Unity3D game engine

For those of you that know me well, you know I am a very technically oriented guy. You know that I will not rest until I’ve opened every piece of gear in a studio to see what makes it tick or if I can improve it or modify it.


One area that always intrigued me has been videogames. I grew up in the 90s, where the Nintendo SNES, the Mega Drive 32, Sega Saturn and PlayStation made their mark. I’ve abandoned gaming due to time constraints but recently I’ve made a point to catch up on the current game generation.

Games have evolved from a square, pixilized interactive media that had little or no content to a media that can deliver – in my honest opinion – better and more intense stories than the moving pictures ever could. One reason is because the player becomes part of the story – even for linear games. The other is because a developer has more than 10 hours to convey a story, develop characters and show you a different universe. Fallout can take you on adventures through the capital wasteland that can amount to over 100h. Skyrim beats Fallout for a few hundred more hours of exploration and questing.


Even the Blockbuster-type games will leave you hanging on the edge of your sofa for 10-15h. Uncharted 3 can get your blood pumping better than any modern day blockbuster movie, and Tomb Raider (2013) really made you feel like you were learning how to “toughen up” and become an hero.


I’ve recently joined Berklee Online for their course on Video Games, where I’ve been learning Unity3D, more specifically, Unity3D audio engine, scripting and how to prepare media for deployment in videogames. It’s been an interesting journey adapting my knowledge of computer science and Python and use it to create scripts for Unity3D in Javascript.

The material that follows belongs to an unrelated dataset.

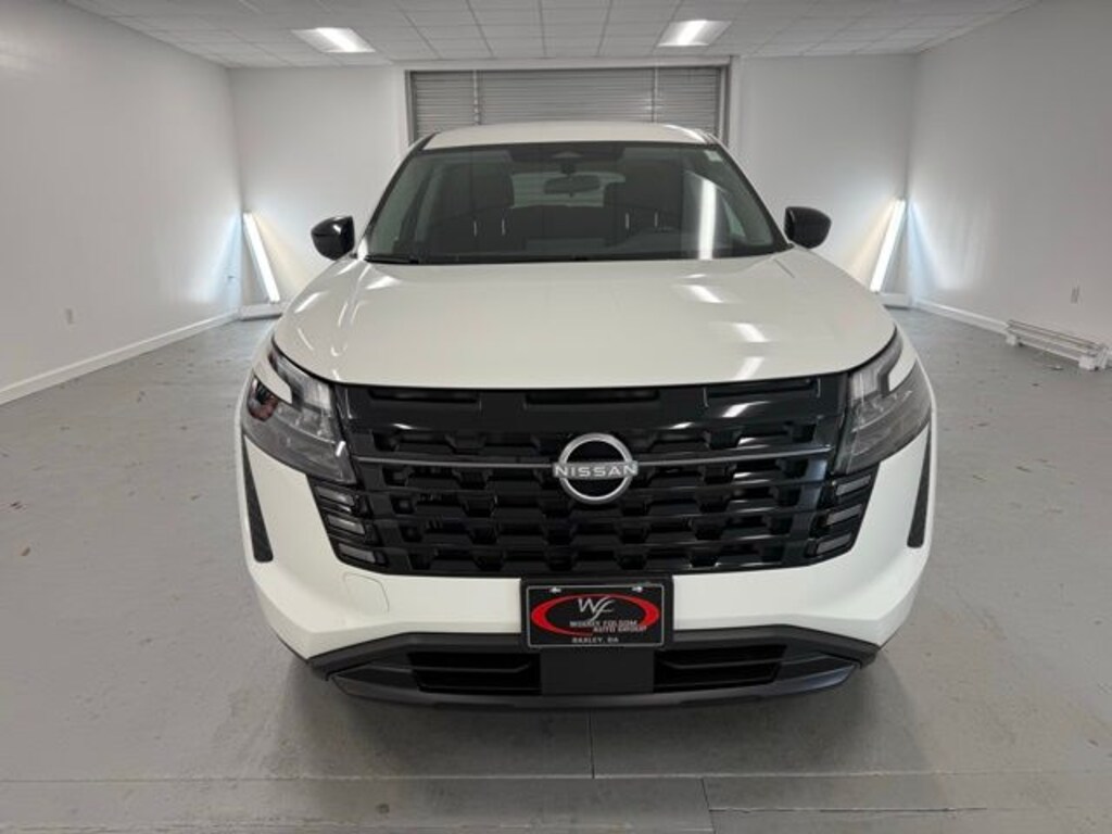 Glacier White 2026 Nissan Pathfinder S FWD 9-Speed Automatic 3.5L V6 DOHC 18" Painted Alloy Wheels, 3rd row seats: bench, 4-Wheel Disc Brakes, 6 Speakers, ABS brakes, Air Conditioning, Alloy wheels, AM/FM radio: SiriusXM w/360L, Auto High-beam Headlights, Automatic temperature control, Blind Spot Warning, Brake assist, Bumpers: body-color, Cloth Seating Surfaces, Delay-off headlights, Driver door bin, Driver vanity mirror, Dual front impact airbags, Dual front side impact airbags, Electronic Stability Control, Emergency communication system: NissanConnect Services, Four wheel independent suspension, Front anti-roll bar, Front Bucket Seats, Front Center Armrest, Front dual zone A/C, Front reading lights, Fully automatic headlights, Garage door transmitter: myQ Connected Garage, Illuminated entry, Knee airbag, Low tire pressure warning, NissanConnect featuring Apple CarPlay and Android Auto, Occupant sensing airbag, Outside temperature display, Overhead airbag, Overhead console, Panic alarm, Passenger door bin, Passenger vanity mirror, Power door mirrors, Power steering, Power windows, Radio data system, Radio: AM/FM Audio System with NissanConnect, Rear air conditioning, Rear anti-roll bar, Rear reading lights, Rear side impact airbag, Rear window defroster, Rear window wiper, Reclining 3rd row seat, Remote keyless entry, Security system, Speed control, Speed-sensing steering, Split folding rear seat, Spoiler, Steering wheel mounted audio controls, Tachometer, Telescoping steering wheel, Tilt steering wheel, Traction control, Trip computer, Variably intermittent wipers.

From simple audio managers that can manage interactive music arrangement, or trigger SFX. I’ve become so intrigued that I have picked up books on Artificial Intelligence scripting using C# and Unity.

I’ve been lucky enough to have been guided on this adventure by Gina Zdanowicz, the owner of Serial Labs – which specialises in sound design and music for games, post production etc. She was credited on Take2 games such as Bioshock2 and X-Com: Declassified.


I think it’s fair to abandon the “videogame” name. Games have become alive, from the big television in shiny HD to your phone and portable devices. I think that 2013 proved that this platform can easily surpass other mediums when it comes to storytelling, entertainment and replayability – giving the general public more bang for the buck. Unfortunately for many, the “videogame” still brings the memory of time-wasters such as pong, tetris or the money-eating arcades. The industry deserve a new, catchy name for what’s being done here. I believe games are here to stay and might even become a favourite medium of entertainment for the general public.